Marko: Ricciardo would be ’no magical solution’
Ricciardo, Perez comments ’out of context’
Dr Helmut Marko says his latest comments about Daniel Ricciardo and Sergio Perez were "taken out of context".
Red Bull’s 80-year-old top official said he will "evaluate" Australian Ricciardo’s form at the post-British GP Pirelli tyre test, adding that the team needs to "keep our options open" about Sergio Perez’s successor.
"A lot has been taken out of context," Marko told Kleine Zeitung newspaper ahead of the Austrian GP.
"Daniel Ricciardo will do some testing, yes, but that doesn’t have much to do with the sporting side," he insisted.
"Perez has had some very good races and some very bad ones - now he has to concentrate again and deliver the best. There is no need for dreams about a world title.
"The positive side is that he’s the first one to last two seasons alongside Max," Marko added.
Marko says the prospect of beating Max Verstappen to the 2023 title threw Perez, who like Ricciardo is 33, off-track.

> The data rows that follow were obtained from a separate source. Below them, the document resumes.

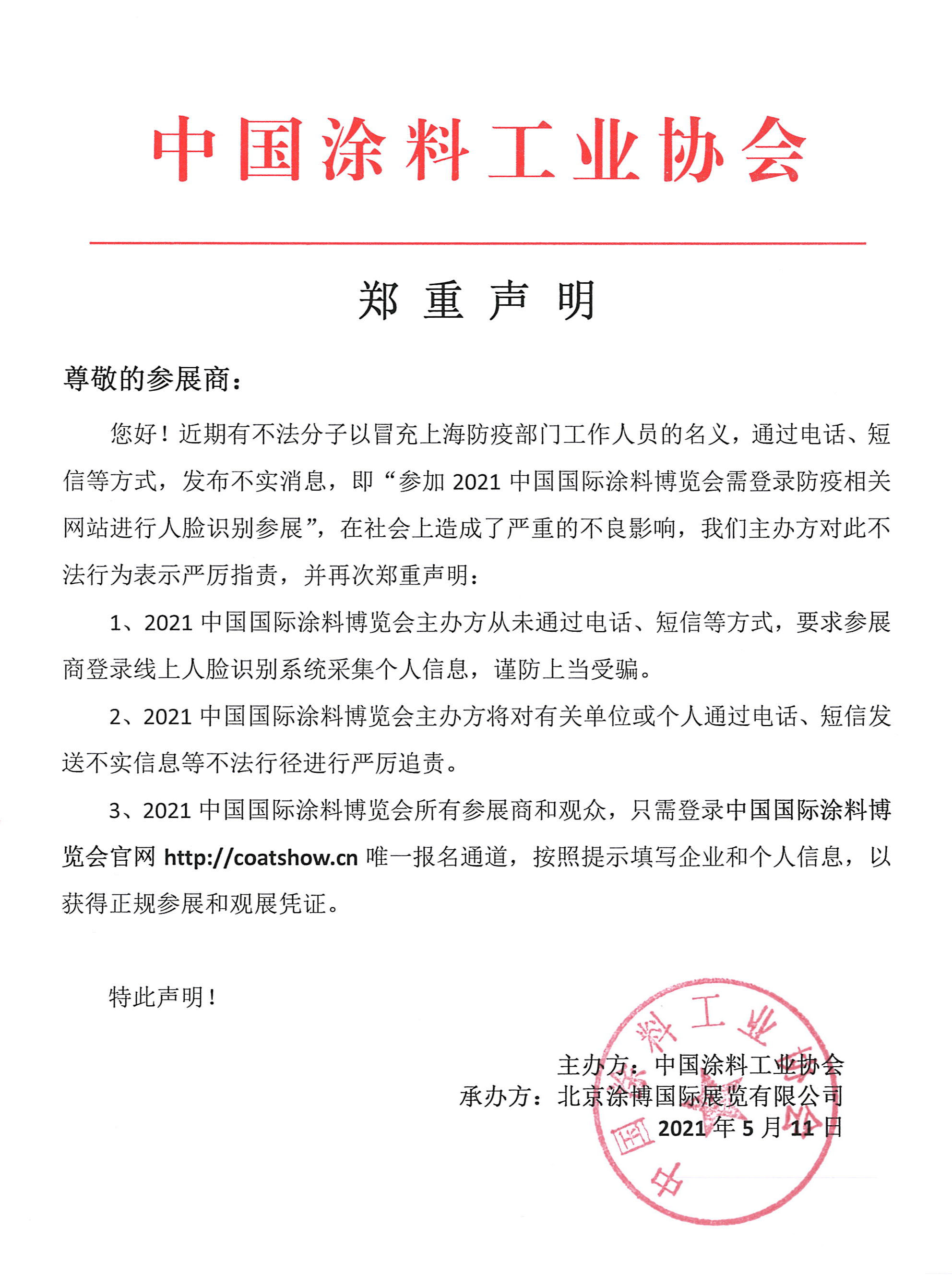 您好!近期有不法分子以冒充上海防疫部门工作人员的名义,通过电话、短信等方式,发布不实消息,即“参加2021中国国际涂料博览会需登录防疫相关网站进行人脸识别参展”,在社会上造成了严重的不良影响,我们主办方对此不法行为表示严厉指责,并再次郑重声明:
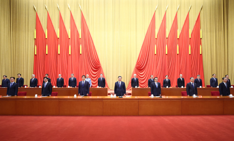 上午10时,大会开始。全场起立,高唱国歌
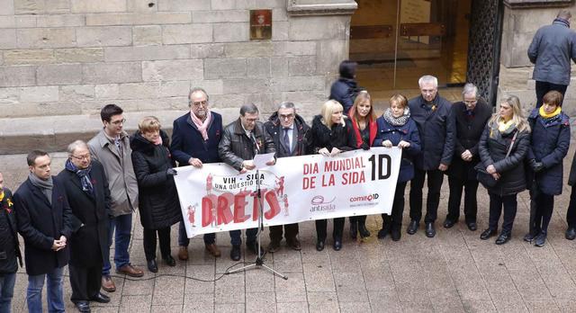 L’alcalde Àngel Ros assisteix a la lectura del manifest que s’ha realitzat aquest migdia a la plaça Paeria on s’ha desplegat un llaç vermell Aquest vespre, l’Ajuntament il·luminarà la façana de la Paeria de vermell en solidaritat amb la diada

"He would have been the first Mexican in modern times to lead in Formula 1," he told the Austrian broadcaster ORF. "That kind of threw him off track."

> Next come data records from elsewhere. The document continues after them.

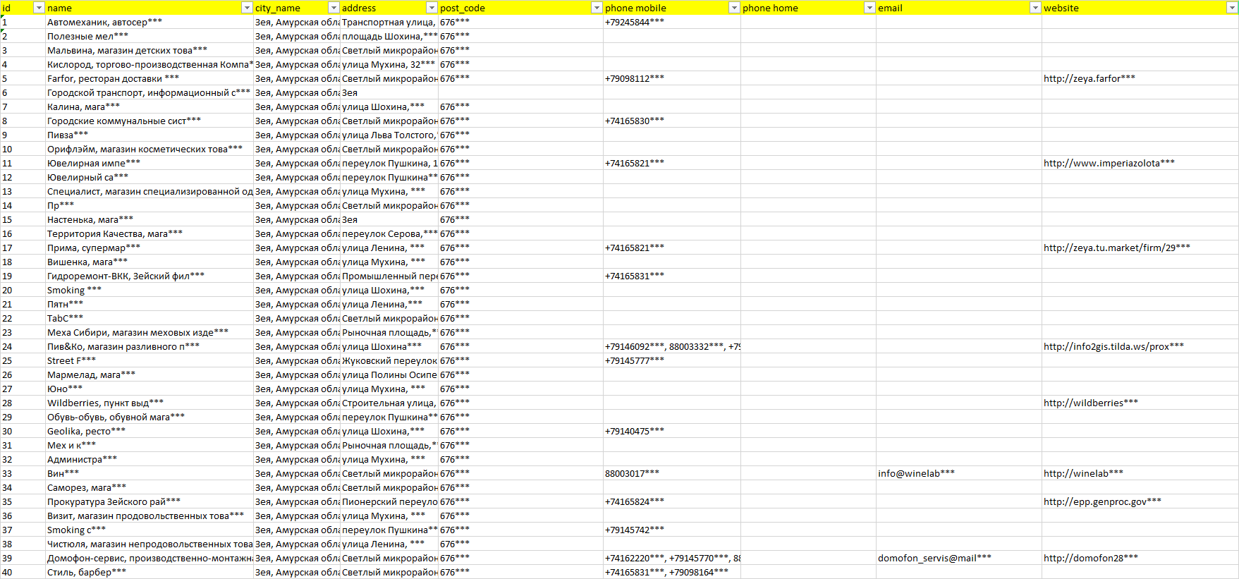 База компаний Зея, вся РФ в формате Excel с эл. почтами, телефонами, сайтами, ссылками на соц сети, координатами и другой информацией. Скачайте демо версию, чтобы ознакомиться с данными.
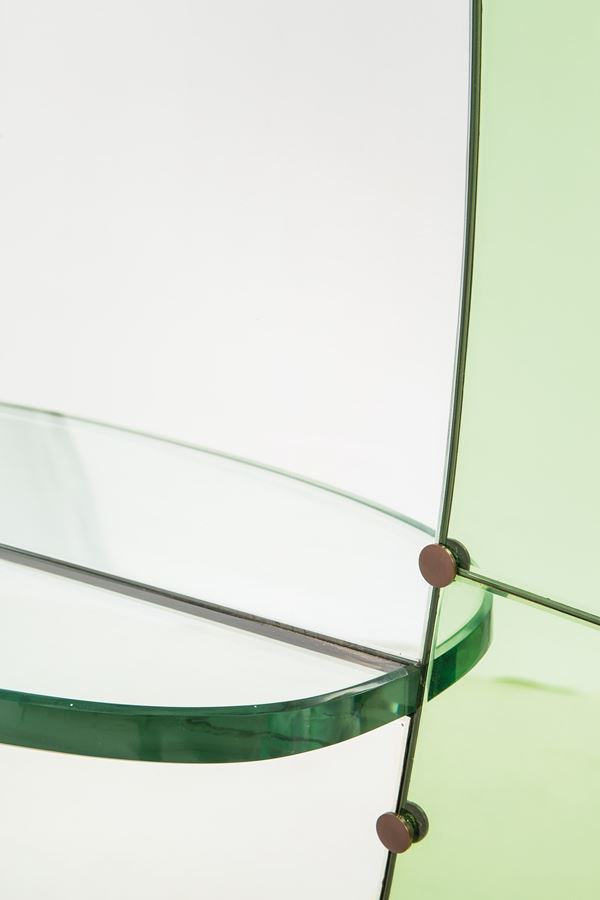 Vetro colorato, cristallo, vetro specchiato, ottone.
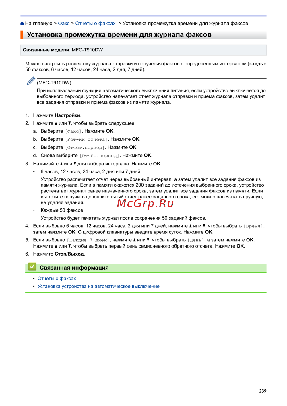 Brother DCP-T310 InkBenefit Plus [245/562] Установка промежутка времени для журнала факсов

But he warned that Ricciardo would be "no magical solution", as the Australian "did not leave McLaren with great honour".
A more pressing issue for Marko is what he calls a "massive" push by Red Bull’s rivals to poach members of the dominant Formula 1 team’s staff.
"It has never been as massive as the currently poaching," he insisted.
"It is all the more astonishing for us how the others are doing this despite the budget cap, when they’re offering people more than twice as much as we do. They seem to be saving elsewhere," Marko added.
The good news for Red Bull, he said, is that he, Christian Horner and Adrian Newey are all sticking together.
"This continuity sets us apart from the others," said Marko. "Newey has been with us for 17 years, Horner for 19 and for me it was even longer.
"It was difficult after 2013, when we had a similar success and then woke up to Mercedes’ superiority. We had to keep the team together, which is much easier with success.
"Everyone wants to work for someone like Verstappen," said the Austrian.